Чтобы попасть в выбранный им магазин, мы проехали большую часть города. Париж был голубой, безмятежный, воркующий. Шерсть, лезшая из пса, покрывала меня. Я была в восторге. Мы заставили его немного побегать по площади Инвалидов. Он бросился за голубями, раз десять обмотал поводок вокруг моих ног, словом, убедил нас в своей бьющей через край жизнеспособности. Смех и опасения разрывали меня. Что я буду делать с ним днем? У Луи был насмешливый вид. Наверное, мой переход к паническим настроениям его забавлял.

— Ну, — сказал он, — вот вам, наконец, настоящая ответственность. Вы должны решать за него. Это вас изменит? Или нет?

Я взглянула на него подозрительно. Не намекает ли он на Юлиуса, на мою привычку прятать голову под крыло?

Мы вернулись домой. Я показала собаку консьержке. Та отнюдь не выразила восторга. Мы сели в моей студии, а пес принялся грызть обивку.

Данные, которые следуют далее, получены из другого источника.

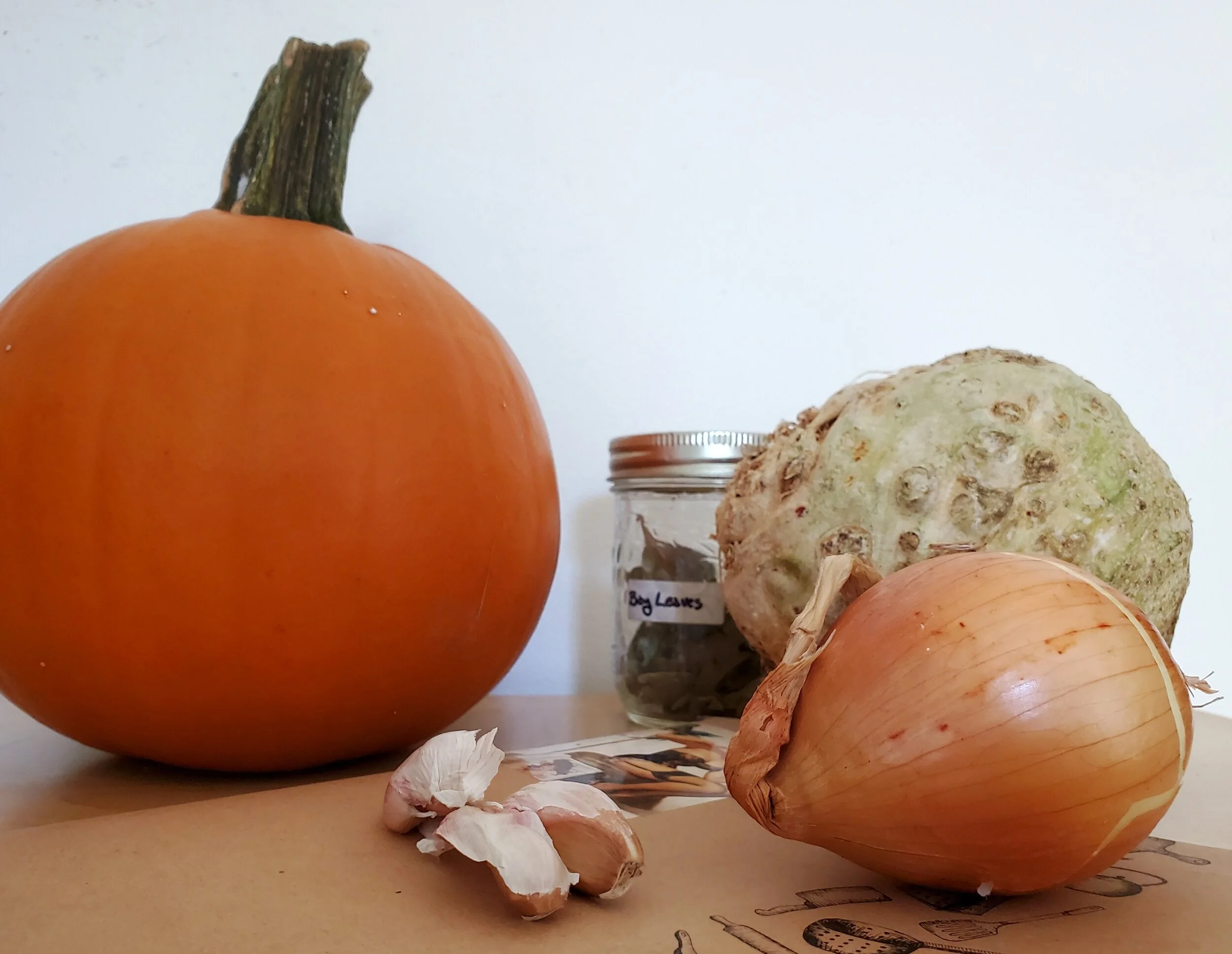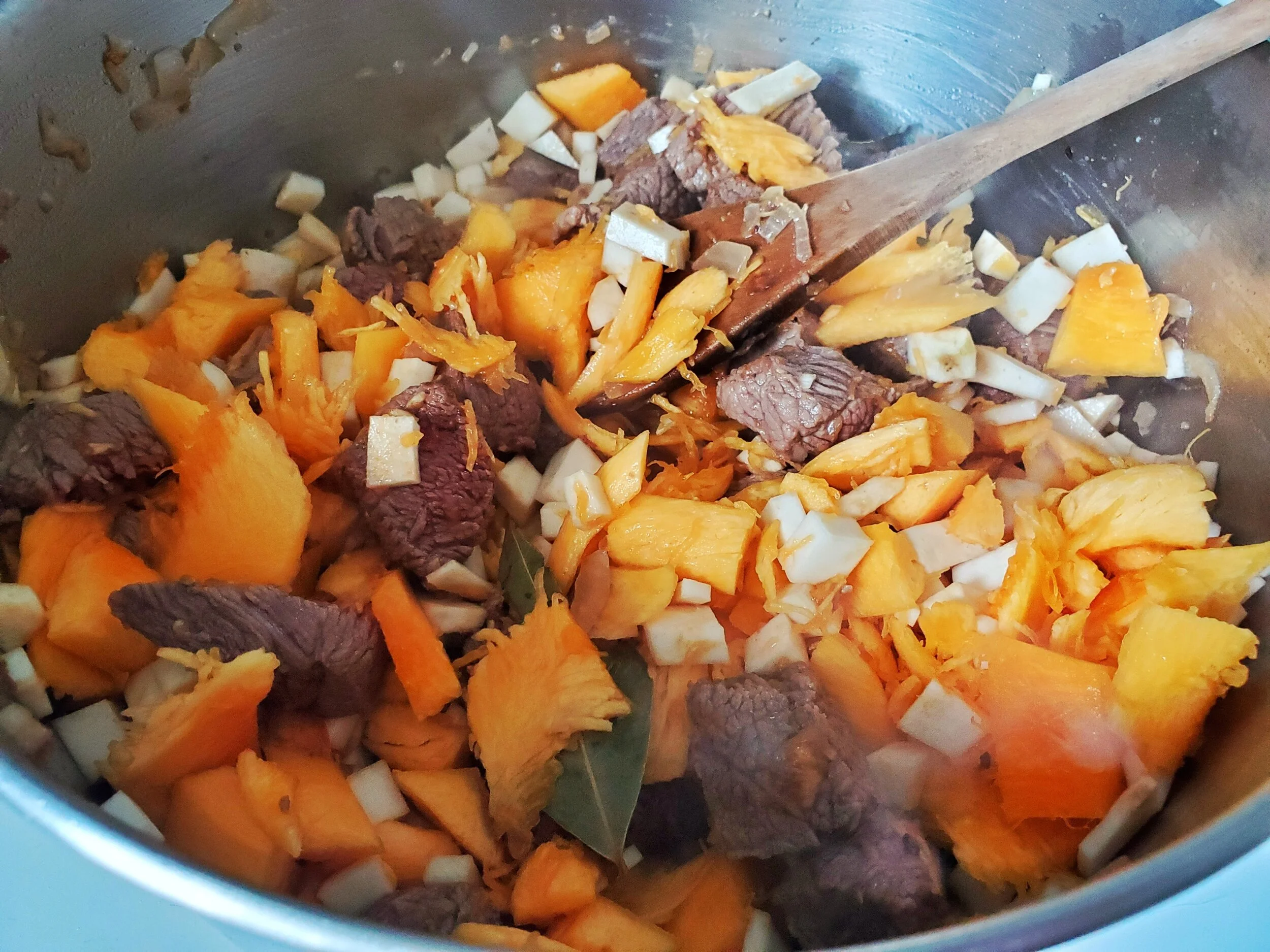- Add the diced celeriac and pumpkin to the pot, and sautee another 3-5 min, stirring occasionally.

— Что вы собирались делать вечером? — спросил Луи.

Это «прошедшее несовершенное» обеспокоило меня. Ведь я действительно должна была идти с Юлиусом и Дидье на закрытый просмотр. Было два выхода: взять собаку с собой или оставить ее дома одну. Луи предугадал возможность такого решения,

— Если вы оставите его одного, он будет выть, — заявил он, — и я, между прочим, тоже.

— Как?

— Да, если вы нас покинете сегодня вечером, он будет ужасно лаять, а я, вместо того, чтобы его успокоить, буду орать вместе с ним.

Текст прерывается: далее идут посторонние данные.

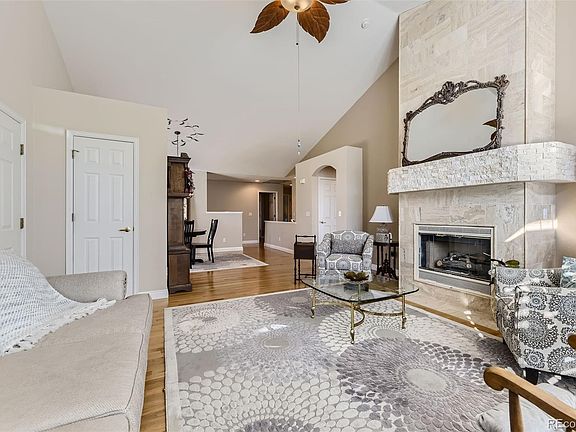 The main living level boasts a cozy family room with a fireplace, a formal dining area, and an eat-in kitchen equipped with stainless steel appliances and granite countertops. A glass door leads to a new covered Trex deck, ideal for relaxing or hosting gatherings. Enjoy energy-efficient heated tiles in the secondary main floor bedroom, complete with its own thermostat for personalized comfort.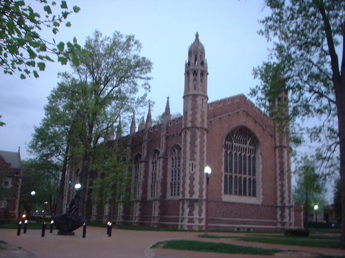Keywords: Rabbit staring at graham.JPG Graham chapel is on the right the rabbit statue is to the left Washington University in St Louis Cope and Stewardson 2002-04-19 own assumed Bachrach44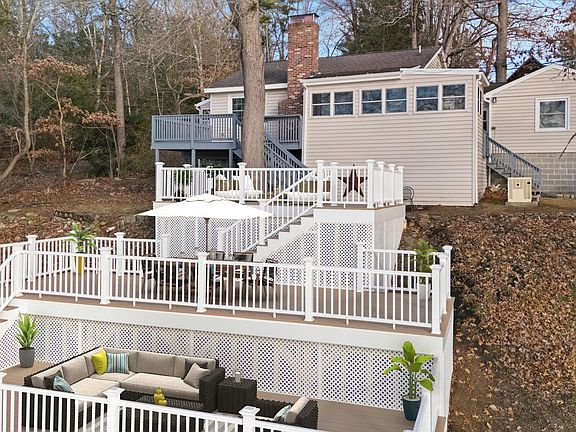 Brand-new multi-level TimberTech decks spanning roughly 800 square feet anchor the back of this fully furnished and beautifully renovated lakeside home on private Witches Woods Lake, creating an expansive outdoor haven for hosting, unwinding, and breathing in the calm of true waterfront living. With breathtaking views and direct frontage, the home has been thoughtfully updated in recent years with a modern granite kitchen, stainless appliances, updated flooring on the lower level, new septic system, and new mini-split heating and cooling systems for year-round comfort. The main level offers an easy flow between the kitchen, dining area, and living room, along with two comfortable bedrooms and a refreshed full bath. A sun-filled enclosed porch extends the living space and opens directly to the new decks, creating simple indoor-outdoor connection throughout the seasons. The walk-out lower level adds versatility with a spacious recreation room that could function as an additional bedroom, a second full bath with laundry, and direct access to the yard and shoreline. A one-car garage, breezeway, and multiple storage areas add everyday convenience. With kayaking, swimming, boating, and lakeside quiet just steps from your door- and with every major improvement already complete- this is peaceful, uncomplicated waterfront living where everything just feels easier.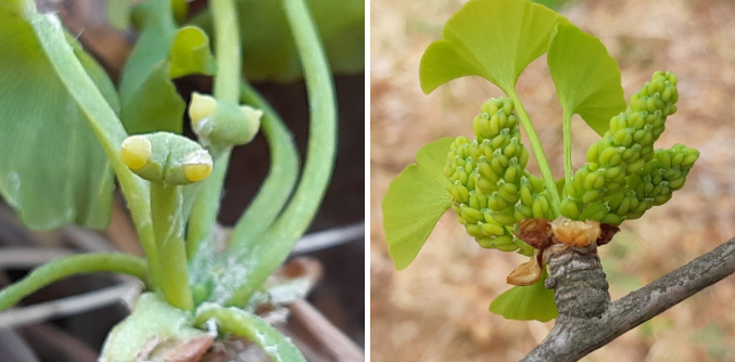 왼쪽이 은행나무 암꽃(열매가 맺히는 부분), 오른쪽이 은행나무 수꽃 - 열매를 맺기 위해 사는 사람과 꽃을 피우기 위해 사는 사람이 있다.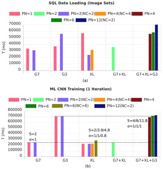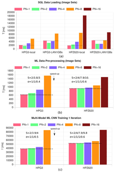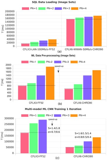 The architecture of data input-output streams, as part of the communication infrastructure of parallel and distributed systems, has a significant impact on scaling- and speeding up. Memory-in-place methodologies are only suitable for parallel systems using shared memory architectures. Distributed memory should be organized and the communication overhead must be considered carefully. Databases can provide the necessary organization of data. In this work, a set of relational SQL databases is used; however, SQL databases do not scale linearly with increasing data volume and complexity. It is difficult to distribute the partial content of databases. Typically, NoSQL databases are chosen for large-scale cloud computing and data-mining tasks [23]. Temporal databases are suitable for the processing of latent temporal data streams and large amounts of temporary data. The SQL database was chosen here because of its lightweight implementation, SQLite, which can be embedded efficiently in any application program, even in a web browser using transpiling technologies. SQLite provides an advanced cache algorithm that reduces file access significantly in distributed computations like multi-model ML (reading the same input data multiple times).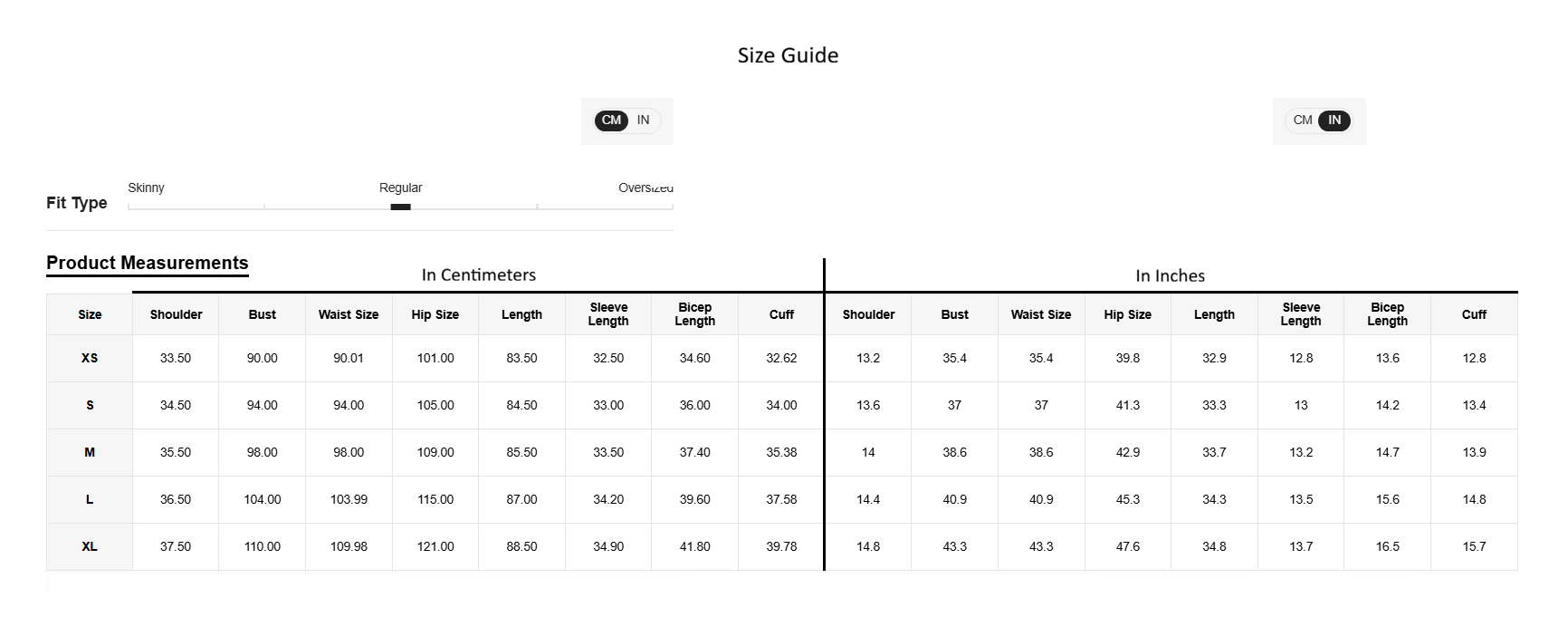 • Fit Type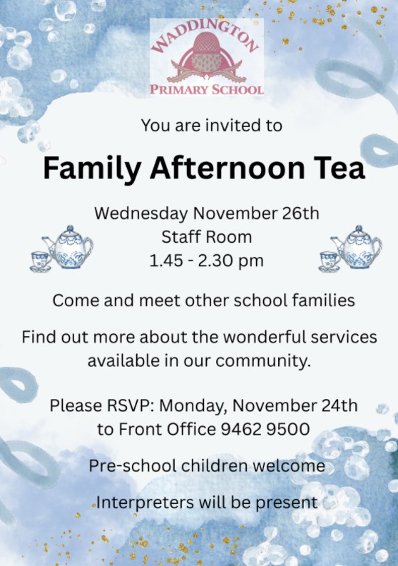 Please see below an invitation for our Family Afternoon Tea next week on Wednesday 26 November. Please RSVP by Monday 24 November if you would like to attend.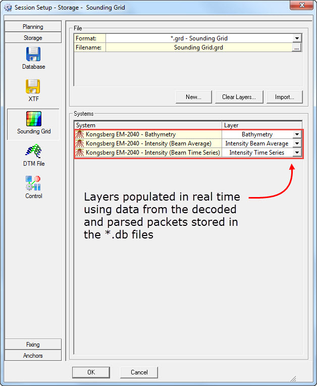 For real-time visualization of bathymetry and sonar imagery, or to produce a gridded dataset on-the-fly as end DTM product, ensure that the different data types are enabled and stored to separate layers in the sounding grid.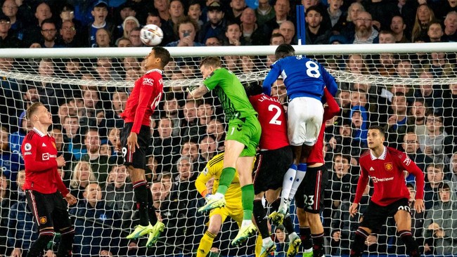Bola sepak pojok kemudian disepak pemain Everton ke arah depan gawang Man United. Si kulit bundar mengarah tepat ke Jordan Pickford, yang dalam posisi bagus untuk menanduk bola.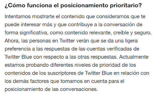 Además, Twitter explica que se están probando “diferentes niveles de prioridad de los contenidos de los suscriptores de Twitter Blue en relación con los demás factores que tomamos en cuenta para el posicionamiento de las conversaciones”. El 25 de abril de 2023 Elon Musk, el CEO de la compañía, tuiteó que “ahora las cuentas verificadas son priorizadas”.

— У вас есть другое предложение?

— Ну да. Я схожу за покупками. Мы откроем окно, потому что стоит теплая погода, и спокойно поужинаем здесь втроем, чтобы мы со щенком немного свыклись с вашей новой жизнью.

Он, конечно, шутил, но вид у него был крайне решительный. Я попыталась возразить.

— Надо бы позвонить, — сказала я. — То, что я собираюсь сделать, очень невоспитанно с моей стороны.

Но, говоря это, я хорошо понимала, что не представляю себе иного вечера, чем тот, который он мне описал. Наверное, у меня был очень сконфуженный вид, потому что он расхохотался и встал:

— Да, позвоните. А я пойду куплю собачьих консервов на троих.

Он ушел. Мгновение я сидела, как оглушенная. Потом ко мне подбежал пес и забрался на колени. Он хватал ртом мои волосы, а я разглядывала его минут десять объясняла ему, какой он хороший, красивый, умный, как и полагается плохому воспитателю, который портит детей. Нужно было позвонить, пока не вернулся Луи. В трубке послышался сухой голос Юлиуса, и впервые вызвал во мне не умиротворение, а замешательство.